Figure 1.

Only very mild replication stress allows efficient cell proliferation.

(a) Cell proliferation measurements of HCT116 cells treated with increasing concentrations of aphidicolin (APH) for up to 11 days. Cells were seeded at identical cell numbers, treated with increasing concentrations of aphidicolin and cell proliferation was quantified using a Celigo cytometer based on area confluency (n = 3 experiments, mean ± SEM, t-test). (b) Representative FACS profiles of HCT116 cells treated with increasing concentrations of aphidicolin (APH) for 24 hours. Cells were stained with propidiumiodide and the DNA content was determined.(c) Determination of mitotic entry of HCT116 cells treated with increasing concentrations of aphidicolin.

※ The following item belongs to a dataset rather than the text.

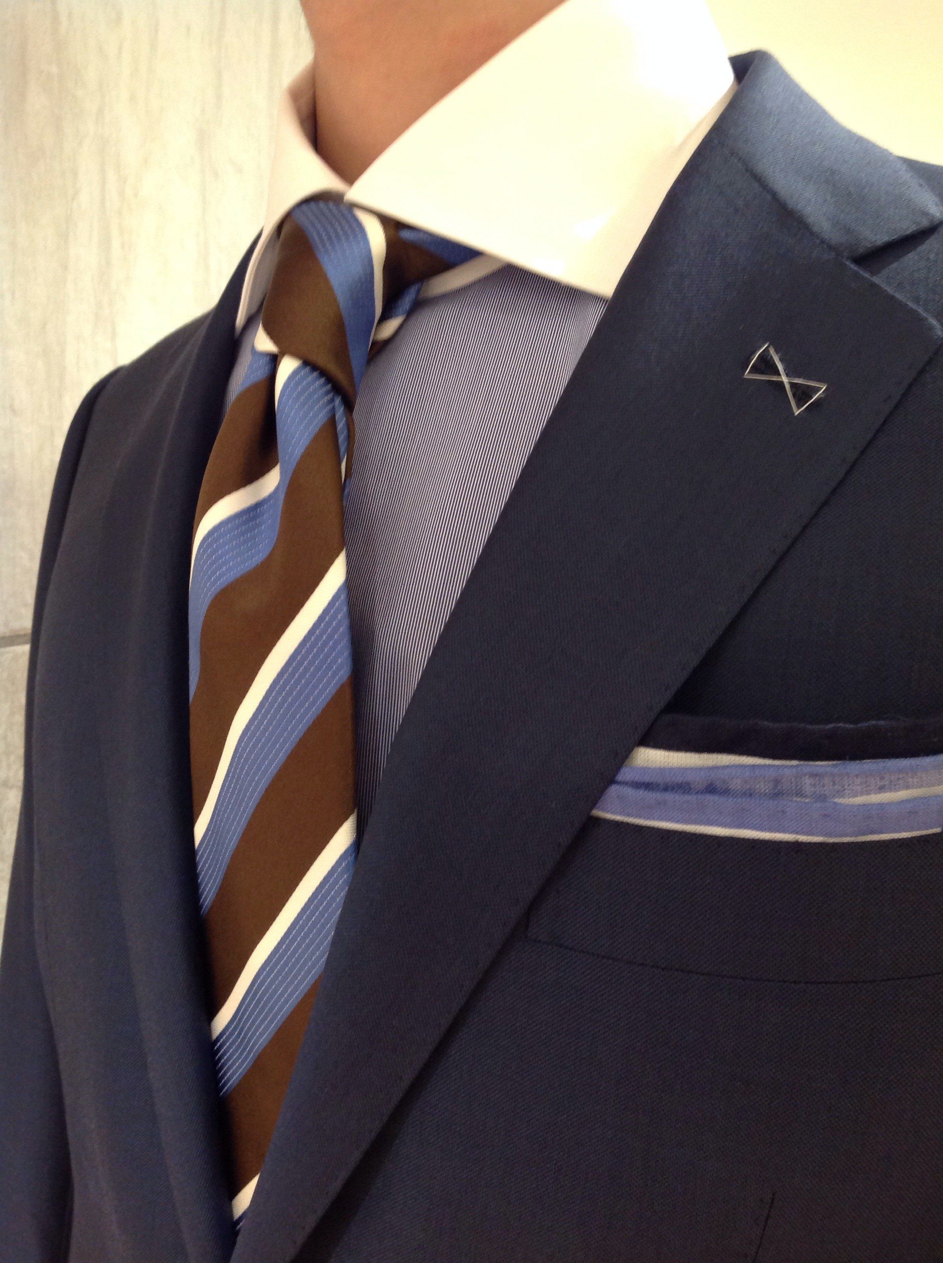 スーツ、シャツ、タイ、チーフをすべてブルーに統一。ブルーが出すフレッシュな印象。

Asynchronously growing cells were pre-treated with aphidicolin for 4 hours and subsequently together with dimethylenastrone for additional 20 hour to arrest cell cycle progression beyond prometaphase. Mitotic cells were quantified by FACS analyses detecting phosphorylated MPM2 epitopes (n = 3 experiments, mean ± SEM, t-test). (d) Western blot analyses to detect phospho-S33-RPA, phospho-S345-Chk1 and phospho-Ser139-H2AX as markers for S/G2 checkpoint activation and DNA damage. HCT116 cells were treated with the indicated aphidicolin concentrations or with 600 nM adriamycin (ADR) to induce DNA damage for 24 hours. Whole cell lysates were subjected to western blot detecting the indicated antigens. Representative western blots are shown and band intensities were quantified based on three independent experiments.